WHAT THE TASK ASKS
The answer must consist solely of the lines below starting at the one containing "Modern, bold, vibrant" and ending at the one containing "rotation. | ![]() |", repeated exactly, with both ends included and all pictures omitted.

DATA FOR THE TASK
-- Opening Marker --

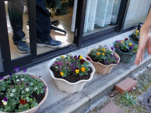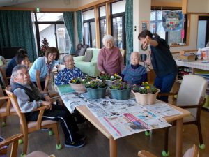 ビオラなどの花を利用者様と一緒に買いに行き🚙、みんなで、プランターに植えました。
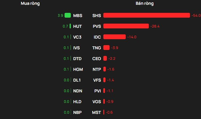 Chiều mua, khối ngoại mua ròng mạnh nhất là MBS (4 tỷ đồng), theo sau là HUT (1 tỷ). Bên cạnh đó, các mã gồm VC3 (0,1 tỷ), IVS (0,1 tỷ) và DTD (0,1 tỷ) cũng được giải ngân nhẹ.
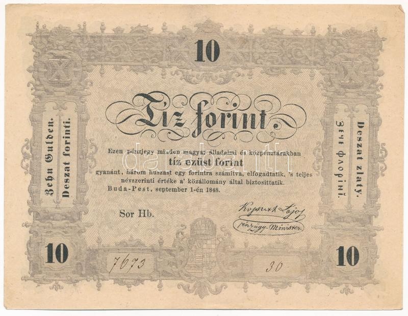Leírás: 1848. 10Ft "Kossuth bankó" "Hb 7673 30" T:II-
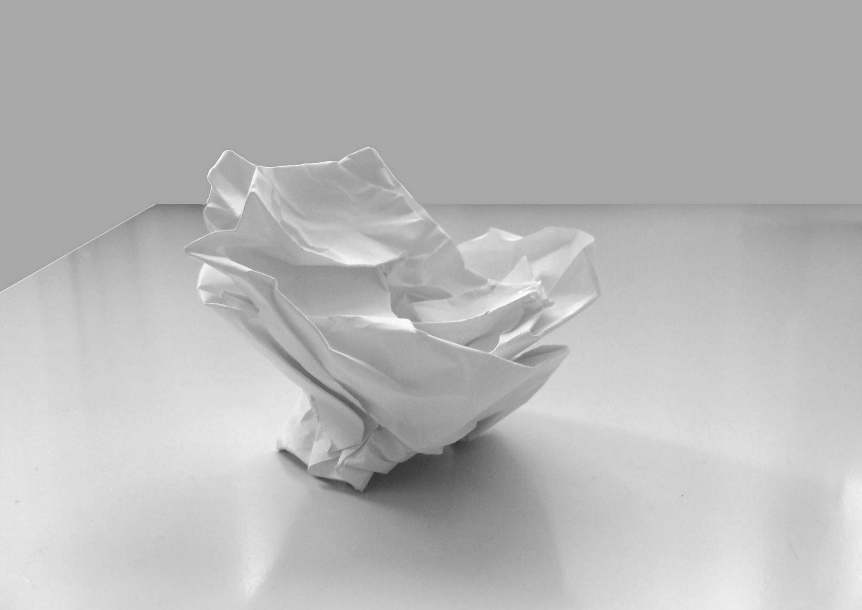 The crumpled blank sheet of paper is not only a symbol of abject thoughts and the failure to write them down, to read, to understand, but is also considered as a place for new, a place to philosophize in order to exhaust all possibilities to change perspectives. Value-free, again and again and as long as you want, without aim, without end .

-- Closing Marker --
-- Opening Marker --

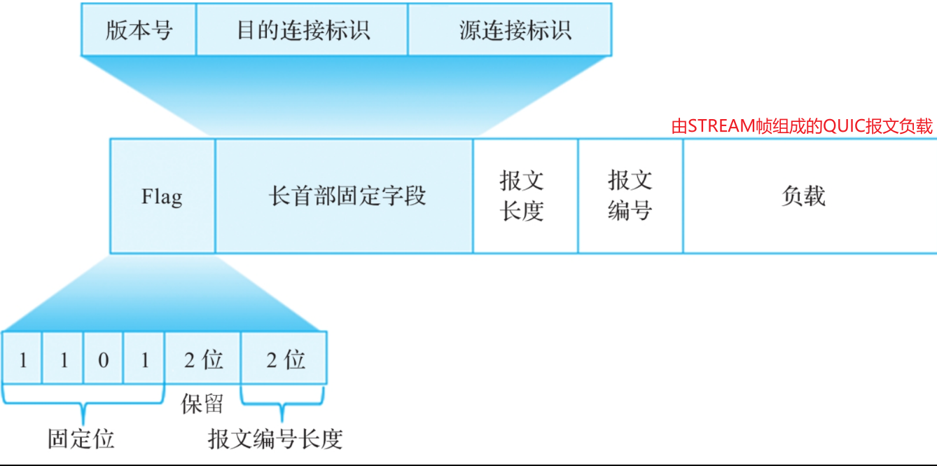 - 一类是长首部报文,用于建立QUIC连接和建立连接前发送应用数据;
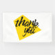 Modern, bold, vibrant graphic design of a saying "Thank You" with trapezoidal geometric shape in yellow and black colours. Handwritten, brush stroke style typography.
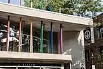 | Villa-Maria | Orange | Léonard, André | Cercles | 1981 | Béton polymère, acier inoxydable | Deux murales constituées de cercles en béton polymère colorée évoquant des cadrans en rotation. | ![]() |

-- Closing Marker --
-- Opening Marker --

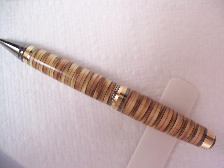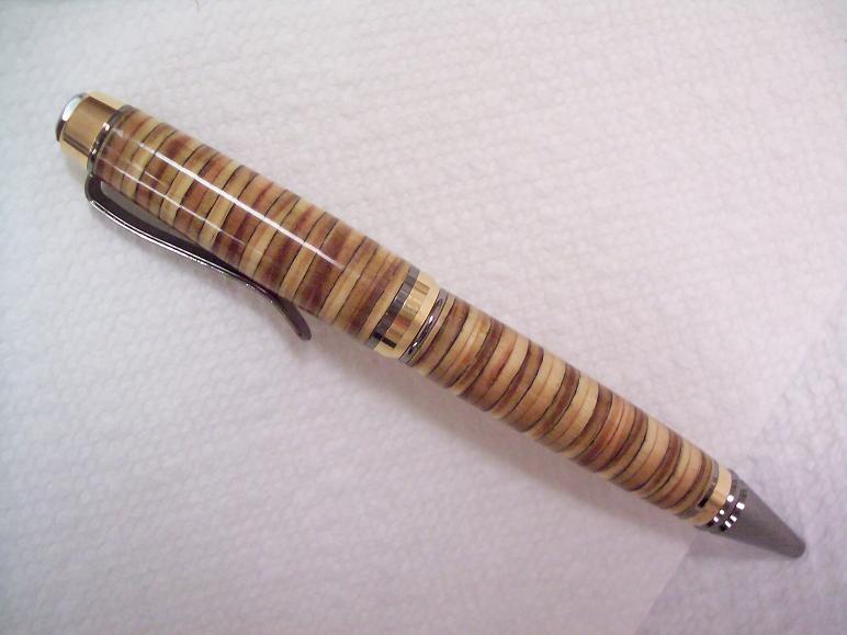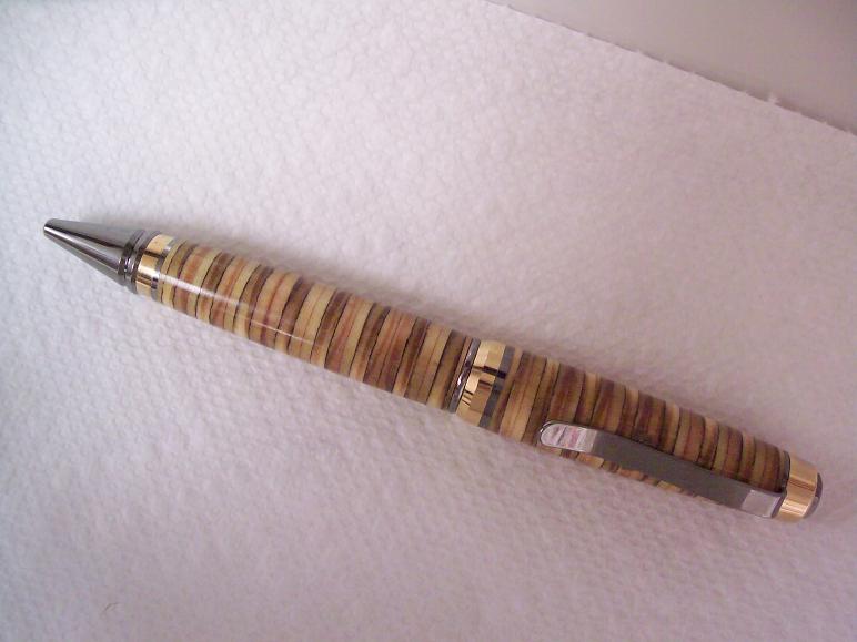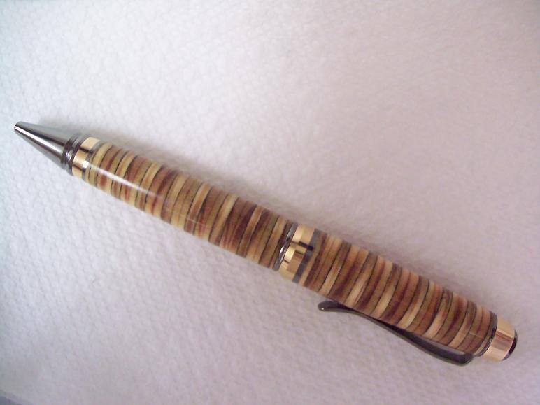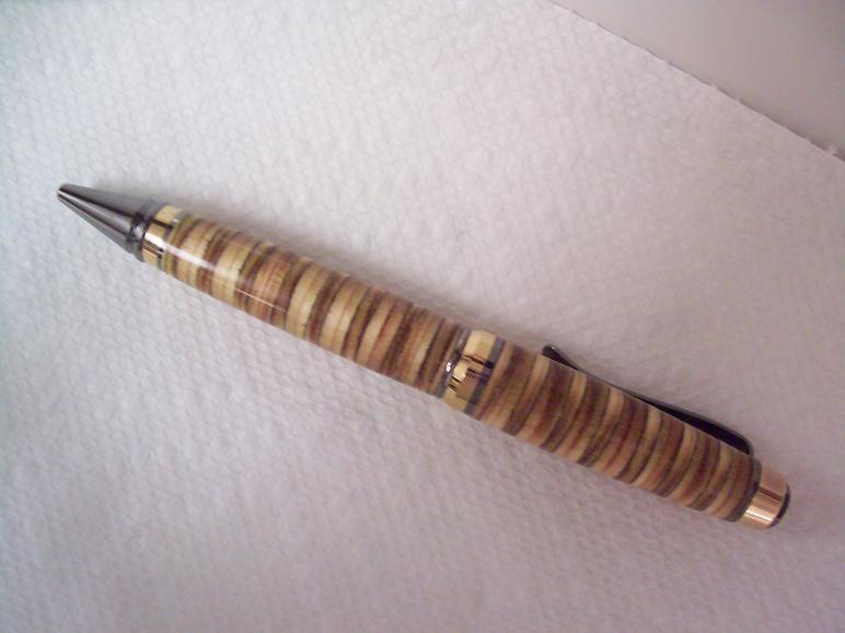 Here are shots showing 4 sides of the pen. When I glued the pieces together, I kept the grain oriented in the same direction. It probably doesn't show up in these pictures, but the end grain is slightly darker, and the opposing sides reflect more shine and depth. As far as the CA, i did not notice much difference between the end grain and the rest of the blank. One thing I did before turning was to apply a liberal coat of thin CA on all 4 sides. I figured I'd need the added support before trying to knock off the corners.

-- Closing Marker --

ANSWER SECTION
 Modern, bold, vibrant graphic design of a saying "Thank You" with trapezoidal geometric shape in yellow and black colours. Handwritten, brush stroke style typography.
 | Villa-Maria | Orange | Léonard, André | Cercles | 1981 | Béton polymère, acier inoxydable | Deux murales constituées de cercles en béton polymère colorée évoquant des cadrans en rotation. | ![]() |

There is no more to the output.